INOI1502 - Editorial

ajit123q · August 29, 2020, 3:57pm

PROBLEM LINK:

Practice

Editorialist: Ajit Sharma Kasturi

DIFFICULTY:

EASY

PREREQUISITES:

Greatest Common Divisor (gcd) , Modular-Arithmetic, Dynamic-Programming (dp) , Sieve of Eratosthenes

PROBLEM:

Given a positive integer N and a number M, we need to find the number of strings of length N which are not periodic.

A string is any non-empty sequence of 0s and 1s. A string S is not periodic if there exists a string W such that S=WWW...(x\ times) i.e S = W^x for some x >= 2.

QUICK EXPLANATION:

The total number of strings of length i is 2^i.
In order to find the number of non-periodic strings of length i , we can subtract from 2^i the number of periodic strings of length i.
For every periodic string S, there always exists a string W such that S=W^x for an integer x>=2. So let’s focus on W which makes the string S.
In order to find the number of periodic strings of length i, for every j<i, we need to count how many non-periodic strings of length j exist which can make a string of length i and add them to the count of periodic strings of length i. (We are not adding periodic strings of length j as the strings of length i made by them would have been already considered by the non-periodic strings which make those periodic strings of length j).
This suggests a dp solution where dp[i] denotes the number of non-periodic strings of length i.
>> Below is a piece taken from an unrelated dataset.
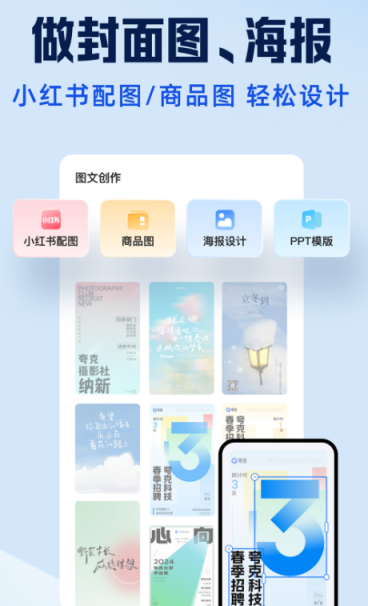 这款应用不仅支持高精度的文字扫描与识别,还集成了丰富的设计资源,便于媒体从业者快速制作封面、宣传海报以及个性化的PPT演示文稿。其内置大量模板资源,广泛应用于商业图文设计领域,是移动办公中高效的辅助工具。

We have dp[i]=2^i-number\_of\_periodic\_strings\_of\_length\_i. There are N states in this dp. We can precalculate 2^i(modulo \ M) for every i from 1 to N and store those values in an array.
The number of periodic strings of length i can be calculated by the method explained above and we can calculate dp[i] for every 1<=i<=N. We output dp[N] as the final answer.
Make sure to take modulo \ M at every step in the solution.

EXPLANATION:

Assumptions:

0-based indexing is used throughout the explanation.
W^x = WWW....W (x \ times).
For a string S, the function length(S) denotes the length of the string S.
For two strings S and W, if S=W^x for some x>=2 then we say S can be represented by W.
For a string S of length N, an index i is valid if \ 0<=i<N.

Let us consider a string S of length N. We say S has a period p if there exists a string W of length p such that S = W^x for some x>=2. Thus, every string S with period p has the following property: S[i]=S[i-p] for i>=p. It is easy to observe that any non-periodic string won’t have any period.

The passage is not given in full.